The vet calls, we talk about what I’m seeing, and she agrees Leeloo should probably be looked at today. Of course by the time the vet gets to us Leeloo is doing better, still swollen in three of the four legs, still clearly uncomfortable and not as coordinated as normal when moving, but definitely better, and had I found Leeloo in the condition she was in when the vet arrived I would have waited to call said vet on Monday. We talk through possible causes: could be an allergic reaction to something she ate or experienced in her environment, could be an infectious disease, could be a tick-born illness (great). There is an in-the-field blood test they can do for infections, if the result is over 50 it means that there is some sort of infection present and antibiotics should be started. Leeloo scored a 48. We opted to do more blood work and give her some banamine for the day, and I’m going to continue to give her banamine for the next few days. Neither of us thought it was enough of an emergency to pay the through-the-nose cost of having the blood analyzed on a weekend so we’ll get the results late Monday or early Tuesday.

As we were doing that last blood draw and administering the banamine I noticed a bee flying around Leeloo’s chest. We have had a ton of bees and wasps around our house the last few weeks.
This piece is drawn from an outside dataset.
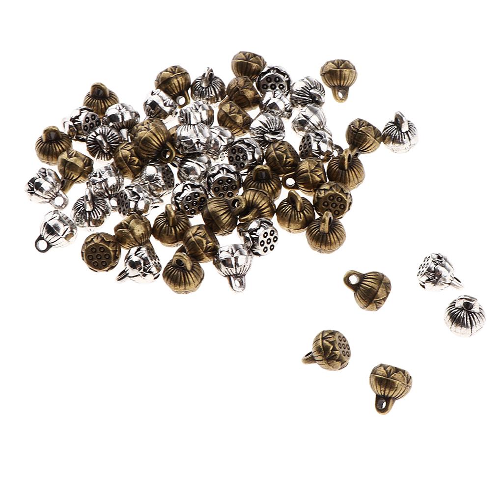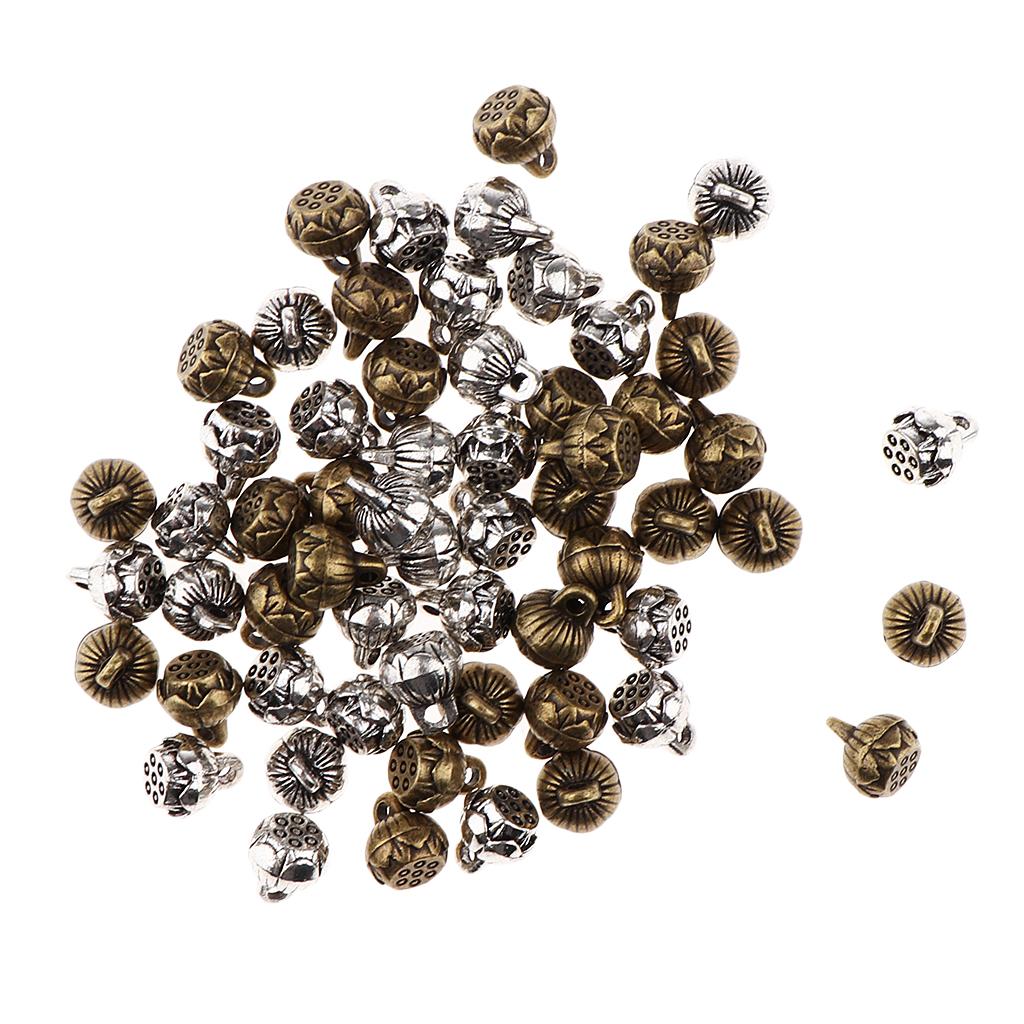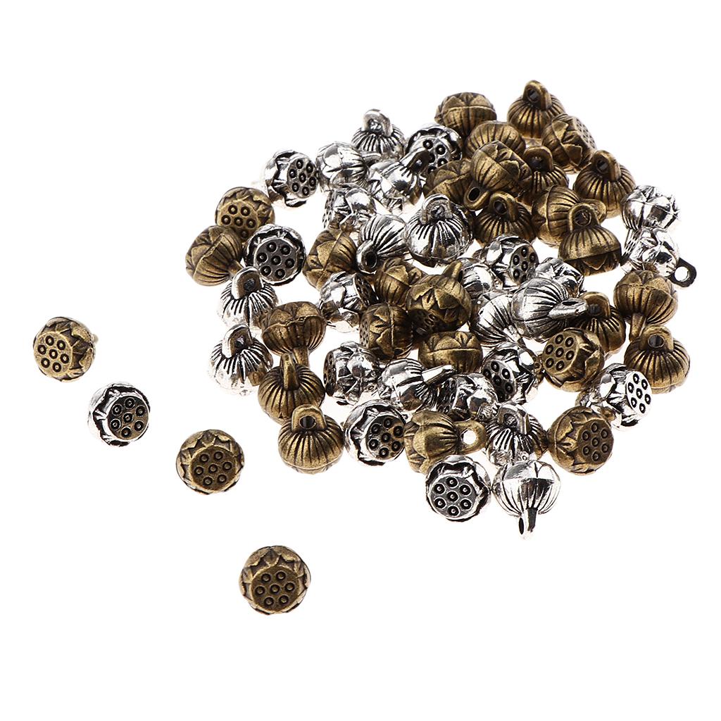 Antique silver and bronze Yoga reflection lotus seedpod charms pendants.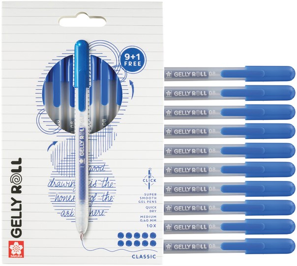 Gelschrijver Sakura Gelly Roll Classic 08 klikfunctie set à 10 stuks blauw

I asked if it was possible that this could be a reaction from a bee or wasp sting and the vet said it could be, she could have gotten stung on her left side which is why that side is having more of a reaction, and had she just gotten stung that morning it would be why she was so bad then and why it was already getting better.

By the end of the day Leeloo was looking much better and moving more comfortably. I saw her trotting around a bit as well, mostly to herd Juniper to wherever Leeloo wanted them to be. We’ll get the results of the bloodwork soon but my current working theory is that Leeloo heard me tell Nate this morning that at least we didn’t have to pay board this month so that saved us some money and she decided to fix that for us.


Photo of Leeloo taken at Elysium Farm, in Maple Plain MN
I didn’t think of taking any photos of Leeloo this morning (sugar makes you mentally foggy too – nothing good comes from sugar!) so enjoy this photo of her taken at one of our previous boarding facilities.